SUPPLIED MATERIAL:
------------------------
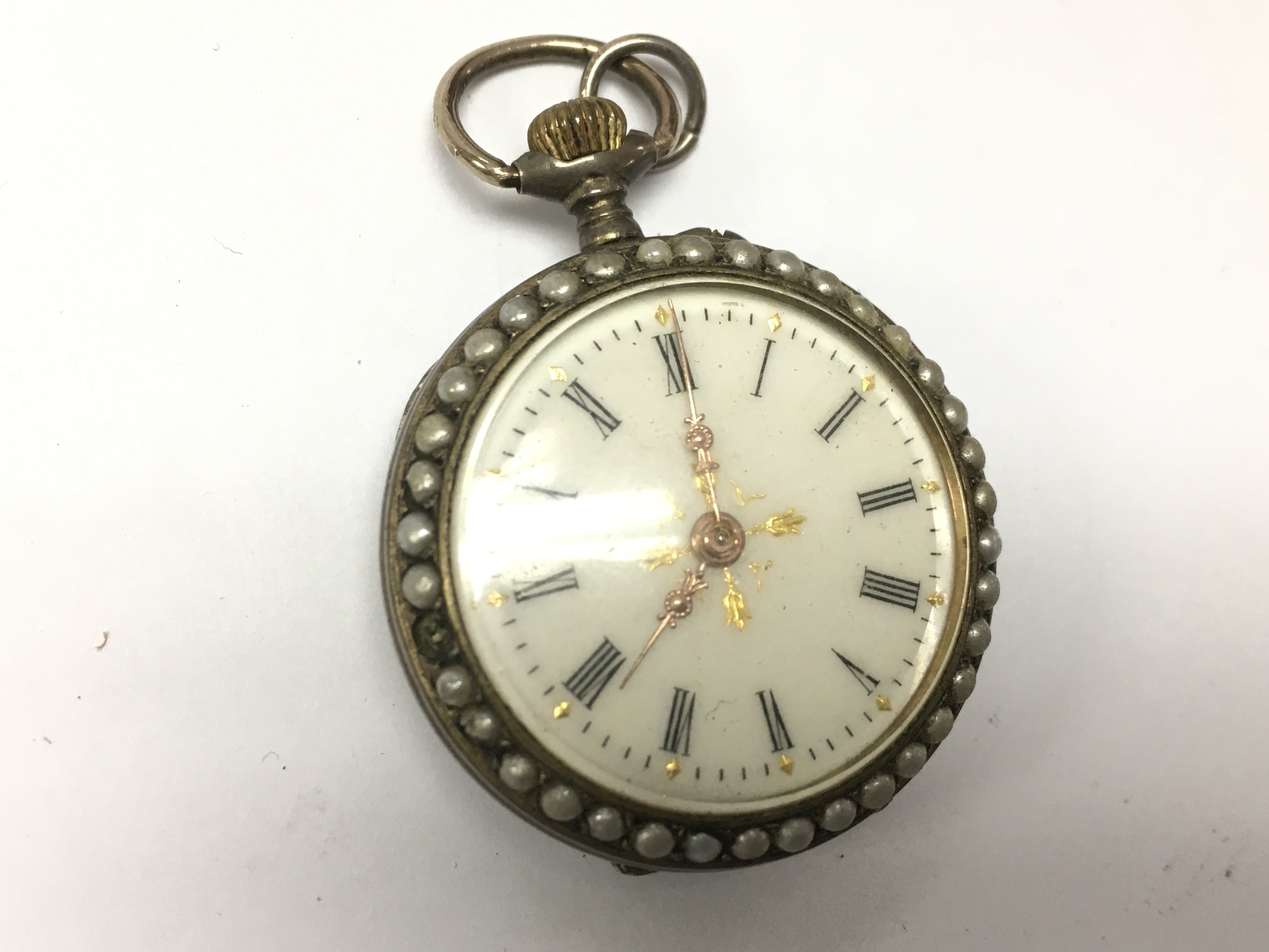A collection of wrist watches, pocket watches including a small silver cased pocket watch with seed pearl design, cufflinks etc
------------------------
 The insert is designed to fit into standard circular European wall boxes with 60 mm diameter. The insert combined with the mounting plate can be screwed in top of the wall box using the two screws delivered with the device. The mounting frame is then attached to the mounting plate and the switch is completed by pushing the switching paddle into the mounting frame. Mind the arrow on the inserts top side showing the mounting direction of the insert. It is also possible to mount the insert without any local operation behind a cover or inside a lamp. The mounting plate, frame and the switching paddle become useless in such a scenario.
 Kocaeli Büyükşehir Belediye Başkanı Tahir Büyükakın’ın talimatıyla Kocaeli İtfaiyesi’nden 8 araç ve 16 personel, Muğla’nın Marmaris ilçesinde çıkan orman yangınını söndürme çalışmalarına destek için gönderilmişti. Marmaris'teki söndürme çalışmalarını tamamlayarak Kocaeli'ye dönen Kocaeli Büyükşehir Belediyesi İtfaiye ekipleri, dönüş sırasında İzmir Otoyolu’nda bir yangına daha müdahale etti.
------------------------
EXERCISE: Word for word, restate the lines above from the line containing "The insert is" through the line containing "Kocaeli Büyükşehir Belediye Başkanı", with both included and nothing else.

COMPLETED TASK:
 The insert is designed to fit into standard circular European wall boxes with 60 mm diameter. The insert combined with the mounting plate can be screwed in top of the wall box using the two screws delivered with the device. The mounting frame is then attached to the mounting plate and the switch is completed by pushing the switching paddle into the mounting frame. Mind the arrow on the inserts top side showing the mounting direction of the insert. It is also possible to mount the insert without any local operation behind a cover or inside a lamp. The mounting plate, frame and the switching paddle become useless in such a scenario.
 Kocaeli Büyükşehir Belediye Başkanı Tahir Büyükakın’ın talimatıyla Kocaeli İtfaiyesi’nden 8 araç ve 16 personel, Muğla’nın Marmaris ilçesinde çıkan orman yangınını söndürme çalışmalarına destek için gönderilmişti. Marmaris'teki söndürme çalışmalarını tamamlayarak Kocaeli'ye dönen Kocaeli Büyükşehir Belediyesi İtfaiye ekipleri, dönüş sırasında İzmir Otoyolu’nda bir yangına daha müdahale etti.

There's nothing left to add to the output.